FIG. 4 is the perspective view illustrating the metal embedding type IC tag. The IC tag comprises an IC 3 and a capacitor 4 connected via a substrate 5 to the square bracket shaped magnetic substance core 6 illustrated in FIG. 3 (a). The IC 3, the capacitor 4 and the substrate 5 are accommodated in a concave portion of the square bracket shaped magnetic substance core 6.

FIG. 5 is schematic diagram illustrating electric currents and a magnetic field in and around the small concave formed in metal.

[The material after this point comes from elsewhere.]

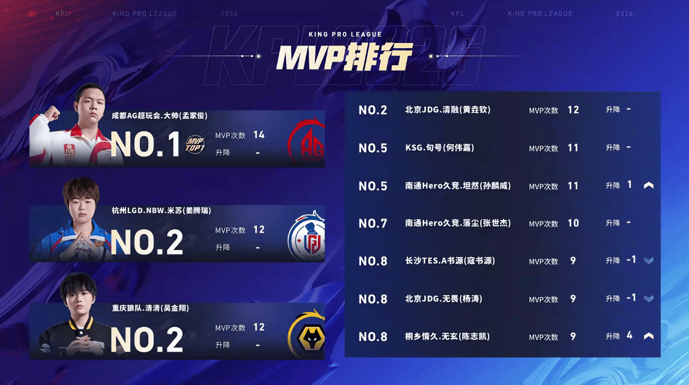 KSG句号(何伟嘉)、@南通Hero久竞_坦然(孙麟威)累计获得11次MVP,并列第五;

If a depth or a length of the small concave is about from ¼ to ½ wave length of a transmitted signal from or received signal by the IC 3, an electric current pattern and a magnetic field pattern are quite different from the patterns illustrated in FIG. 5. However, in the present invention, since the depth or the length of the concave is much smaller than the wavelength, electric current on the metal surface is not disturbed by the signal so much. As a result, the electric current i has a continuous pattern, so that the generated magnetic field H in accordance with the electric pattern gets in the concave as shown in FIG. 5.

FIG. 6 is the schematic perspective view for explaining operational behavior of the tag or the sensor. In the square bracket shaped magnetic substance core 6, the magnetic field H gets in the magnetic substance core 6 via the end of one magnetic pole 6-w on the right side, passes through a vertical magnetic path 6-v and a horizontal magnetic path 6-h, and finally gets out of the end of other magnetic pole 6-w on the left side. A voltage V induced as the magnetic field passing through the horizontal magnetic path 6-h is applied to the IC (not shown in FIG. 6), so that a signal is generated from the IC. The generated signal is applied to the coil 2 so that a magnetic field H is generated and gets out of the end of the magnetic pole 6-w. The signal generated from the tag in the above-mentioned manner can be captured by an externally arranged coil or sensor.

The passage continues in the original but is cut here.